Lo verdaderamente asombroso es cómo ha sobrevivido Venezuela sin Gobierno.
Un día cualquiera, en cualquier sitio, con la sola compañía de su televisor, o su radio. Súbitamente, cuando menos lo espera, en pleno programa hay una abrupta interrupción. Una voz que quiere ser solemne informa: “estamos en cadena”. La maldita “cadena perpetua” a la que estamos condenados todos y de la que sólo nos libra optar por el silencio, o la conversación con los amigos, o, si se tiene la posibilidad: por una estación del cable.
No ha terminado de pensar en ello, cuando la voz que todos conocemos y que a lo mejor usted ha llegado a aborrecer, regocijado informa a su reducida audiencia que ya están en cadena, para recibir un coro que rítmicamente afirma: “Así, así es que se gobierna”. Si usted ha llegado hasta allí, probablemente lanzará una imprecación de expresión facial acompañada. ¿Hasta cuándo?, se pregunta, obstinado por el abuso de poder que sufre una vez más.
Pero volvamos a la afirmación “¡así, así es que se gobierna!”, para entender los porqué del derrumbe de la aceptación del régimen en mundos donde hasta no hace mucho, no sólo era tolerado, sino activa y gustosamente apoyado.

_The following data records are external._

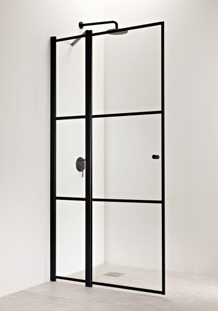 PURO-suihkukalusteiden musta profiiliväri luo kontrastia ja terästää tilan.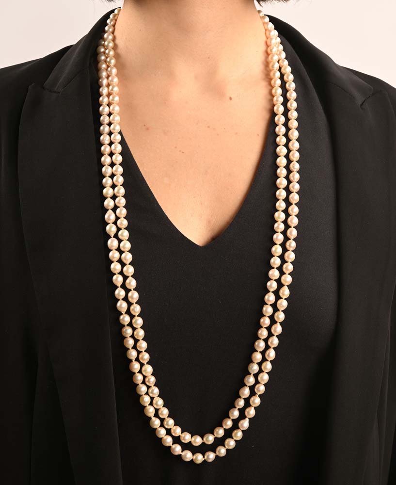Lunga collana di perle a due fili con chiusura in oro, topazio e rubini...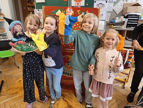 Im Rahmen eines besonderen Workshops durften unsere Schüler*innen in die faszinierende Welt des Puppentheaters eintauchen. Unter der liebevollen Anleitung von Brigitte Tatzerl wurden unsere Erstklässler*innen in das Sprechen mit Handpuppen eingeführt. Dabei lernten sie nicht nur die unterschiedlichen Puppen und ihre individuellen Charaktere kennen, sondern konnten sich auch selbst im Stimmen verstellen und im bewussten, kräftigen Sprechen ausprobieren.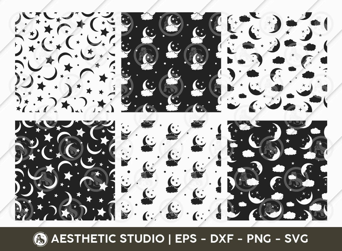 Diverse Moon Patterns: Our bundle includes a captivating range of seamless moon patterns, each capturing the enchanting allure of the moon in various phases and settings. From crescent moons to full moons, you'll find patterns that suit your every creative need.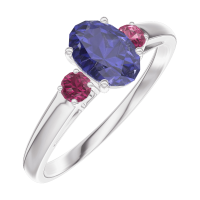 « L'ATELIER » NR 1002469Pierścionek Białe złoto 750 - Syntetyczny szafir Owal 0.5 karat - Kamienie boczne Rubin

Ya no. Y ya no porque los cabecillas del régimen -su Jefe en primer lugar- no entienden qué es eso de gobernar.
Desde que los más variados grupos humanos decidieron juntarse, se dieron cuenta que tendrían cosas que resolver: alimentación garantizada, con provisión de ropa y calzado, amén de transporte, y en general una infraestructura para una vida vivible. Ello suponía, obviamente, que habría que dedicarse a trabajar de modo continuo y sistemático para producir los bienes que garantizasen el funcionamiento de la sociedad. En otras palabras: tendrían que darse un gobierno.
Esa idea, la de que para qué es un gobierno pareciera estar absolutamente ausente en el régimen chavista. Hoy, eso luce, una especie de utopía a la que no termina de calzarle ningún nombre y en la búsqueda de la cual se emprenden caminos que, al rato, terminan abandonándose. Hay cosas, programas, asuntos, que parecen interesarle al Jefe (los gallineros verticales, los cultivos hidropónicos y sus reemplazos a cada rato), pero eso no forma parte de ningún plan coherente y por ello, necesariamente, terminan siendo flor de un día.

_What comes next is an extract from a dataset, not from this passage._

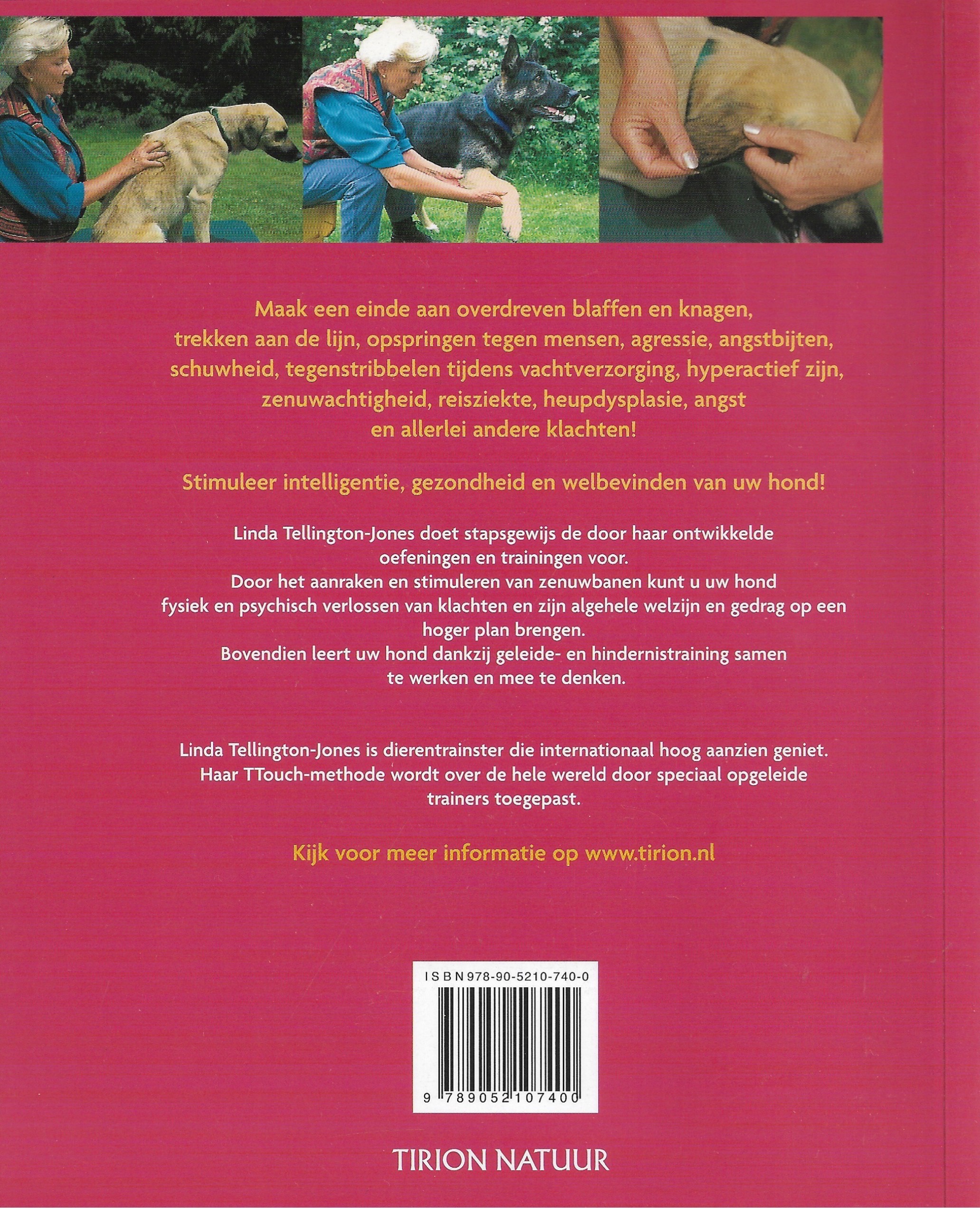 Linda Tellington-Jones doet stapsgewijs de door haar ontwikkelde oefeningen en trainingen voor. Door het aanraken en stimuleren van zenuwbanen kunt u uw hond fysiek en psychisch verlossen van klachten en zijn algehele welzijn en gedrag op een hoger plan brengen. Bovendien leert uw hond dankzij geleide- en hindernistraining samen te werken en mee te denken.

Esas cadenas, a las que aludíamos al comienzo, de pronto se escenifican con unos graduandos vete-a-saber-dónde, a quienes, entre insultos e injurias a países o jefes de Estado, se les utiliza para informar de una nueva idea, un nuevo propósito, un nuevo programa. El problema es que ya el país entero sabe que eso será olvidado apenas concluya la cadena, y… “a otra cosa, mariposa”.
El Gobierno -o lo que simula serlo- ha perdido ya un elemento esencial para cualquier Gobierno, en cualquier parte: ¡que le crean! Pero lo peor no es eso, sino que esa incredulidad, burlona ya, no es del público exclusivamente, sino de sus propios funcionarios, quienes serían los encargados de poner esas decisiones en práctica.

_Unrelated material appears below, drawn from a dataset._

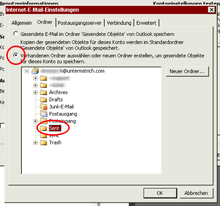 - Aktivieren Sie die Option „Vorhandenen Ordner auswählen…“ bzw „Gesendete Elemente im folgenden Ordner auf dem Server speichern“ und wählen Sie den Ordner. Typischerweise „Sent“.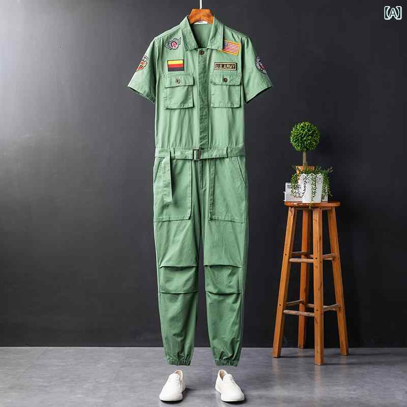 つなぎ オーバー オール 作業着 若々しく メンズ ジャンプ スーツ 薄手 ヒップ ホップ 半袖 ス・・・

Esos funcionarios saben, y lo saben por experiencia fastidiosamente repetida, que al día siguiente nadie hablará de eso, ni se pondrán en movimiento decisiones administrativas, con las correspondientes asignaciones presupuestarias, para que equipos designados expresamente lleven adelante lo propuesto por el Presidente, a quien nadie le para ya. Nadie llega a él, y viceversa: él no le llega a nadie.
Ya es cansona la información de que el Presidente no habla con sus ministros ni con los jefes del Partido (Müller Rojas dixit), que él desarregla a su antojo cada cuanto tiempo. Chávez no dirige equipo alguno, ni encabeza Programa de gobierno en área alguna de la actividad pública. Está dedicado a otras cosas que parecen entretenerle y mantenerle animado, la favorita: firmar con mandatarios extranjeros páginas y páginas de Convenios que nunca se aplicarán.
Tenemos pues autoritarismo sin gobierno, algo nunca visto en los anales de la historia del mundo comunista, que hacían muy mal gobierno pero que nunca dejaron de hacerlo. No hay tampoco Partido revolucionario como tal, sino facciones acuchillándose unas a otras, como en la Etiopía revolucionaria que vio Kapuscinski. Y esas facciones, cuando se combinan con desgobierno son una vía rápida para el colapso, como lo mostraron los extremistas chinos cuando enterraron al maoísmo. ¡Es tan parecido esto!
Si lo verdaderamente asombroso es cómo ha sobrevivido Venezuela sin Gobierno, ¿vale la pena entonces preguntarse acerca del propósito de la destrucción sistemática emprendida por Chávez?